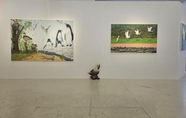 이번 전시는 익숙한 일상 속 사물과 존재들을 새로운 시선으로 바라보며, 우리가 무심히 지나치는 것들 속에 깃든 ‘인연’과 ‘자리’의 의미를 되묻는다. 주로 물오리 등 새를 그려왔던 전 작가는 이번 전시에서 ‘익룡’의 등장을 통해 현실과 상상의 경계를 허물고 익숙함을 낯설게 바라보게 만들었다. 전 작가가 만들어내는 가상의 공간은 일상과 환상의 경계선에서 사라진 존재들이 다시 등장하는 연극의 마지막 막(幕)처럼 느껴진다.
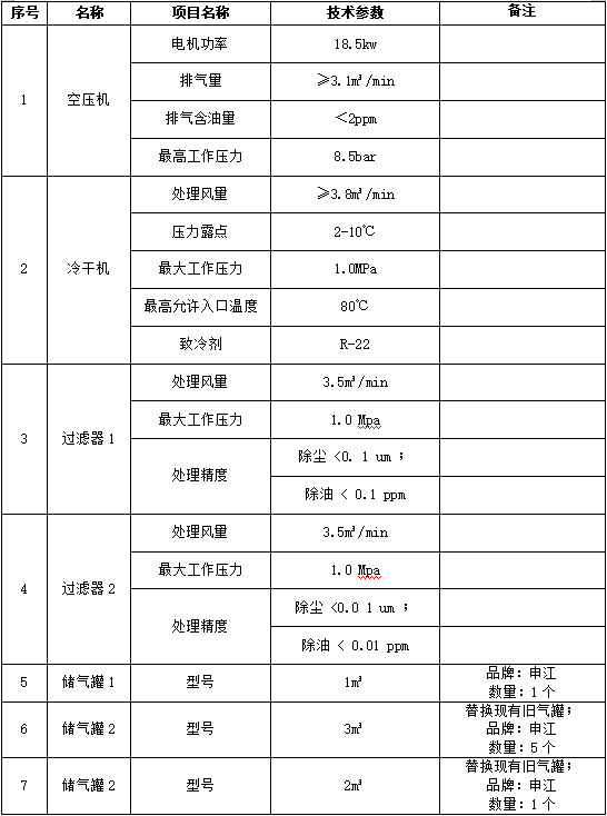 項(xiàng)目名稱:購置1套空壓機(jī)系統(tǒng)(約18.5kw,含配套冷干機(jī)、1m³氣罐、過濾器)
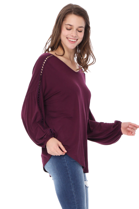 GRETA BUBBLE SLEEVE TOP (DARK WINE)-VT2623
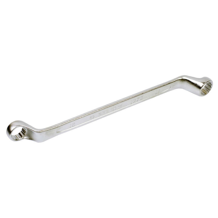 Ключи относятся к накидному типу, двухразмерные, имеют 12-гранный рабочий профиль и специальный изгиб под углом 75°, позволяющий работать с крепежом в углублении или других труднодоступных местах.
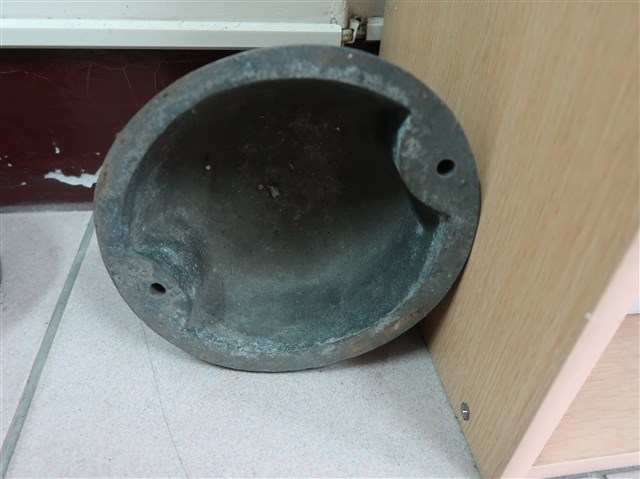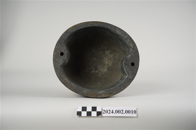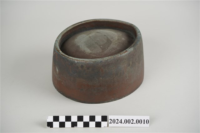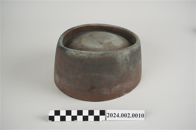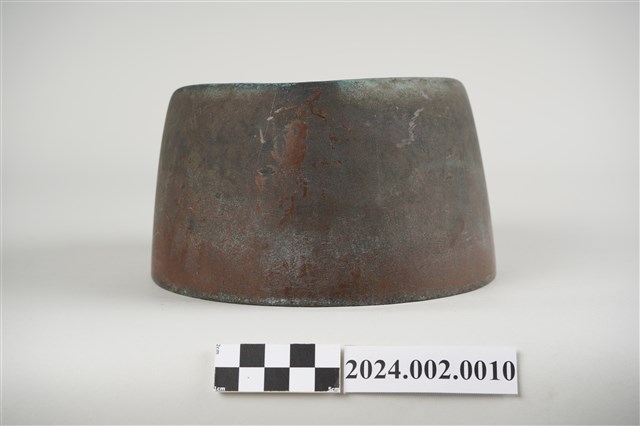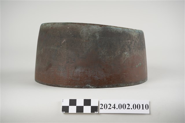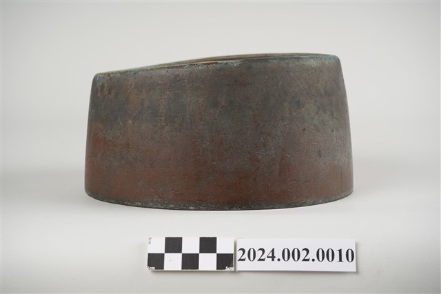 紳士帽銅帽模,外型呈圓柱形,內部中空,頂部帶有一圈內凹凹槽。
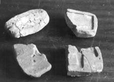 Fig. 3.- Moldes de Malimán (San Juan). Los dos de arriba de cerámica (el de la
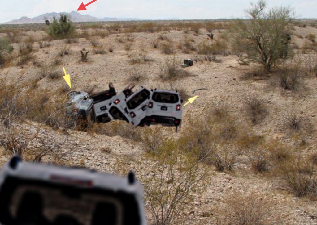 Attached is a still from JJRay’s crash scene video - I used the rollover simulation photo above as it gives a clearer view of the range/peak. Both are taken in line with the direction of DR’s travel immediately prior to going in to the ravine - approximately north-west. The JJRay video image is taken from roughly the spot where he believes the Jeep stopped briefly before taking off at speed and going into the ravine.View attachment 374201
--
◆ **WORK TASK**
Transcribe the records word for word and include no pictures.

◆ **SOLUTION FOR THIS TASK**
 이번 전시는 익숙한 일상 속 사물과 존재들을 새로운 시선으로 바라보며, 우리가 무심히 지나치는 것들 속에 깃든 ‘인연’과 ‘자리’의 의미를 되묻는다. 주로 물오리 등 새를 그려왔던 전 작가는 이번 전시에서 ‘익룡’의 등장을 통해 현실과 상상의 경계를 허물고 익숙함을 낯설게 바라보게 만들었다. 전 작가가 만들어내는 가상의 공간은 일상과 환상의 경계선에서 사라진 존재들이 다시 등장하는 연극의 마지막 막(幕)처럼 느껴진다.
 項(xiàng)目名稱:購置1套空壓機(jī)系統(tǒng)(約18.5kw,含配套冷干機(jī)、1m³氣罐、過濾器)
 GRETA BUBBLE SLEEVE TOP (DARK WINE)-VT2623
 Ключи относятся к накидному типу, двухразмерные, имеют 12-гранный рабочий профиль и специальный изгиб под углом 75°, позволяющий работать с крепежом в углублении или других труднодоступных местах.
 紳士帽銅帽模,外型呈圓柱形,內部中空,頂部帶有一圈內凹凹槽。
 Fig. 3.- Moldes de Malimán (San Juan). Los dos de arriba de cerámica (el de la
 Attached is a still from JJRay’s crash scene video - I used the rollover simulation photo above as it gives a clearer view of the range/peak. Both are taken in line with the direction of DR’s travel immediately prior to going in to the ravine - approximately north-west. The JJRay video image is taken from roughly the spot where he believes the Jeep stopped briefly before taking off at speed and going into the ravine.View attachment 374201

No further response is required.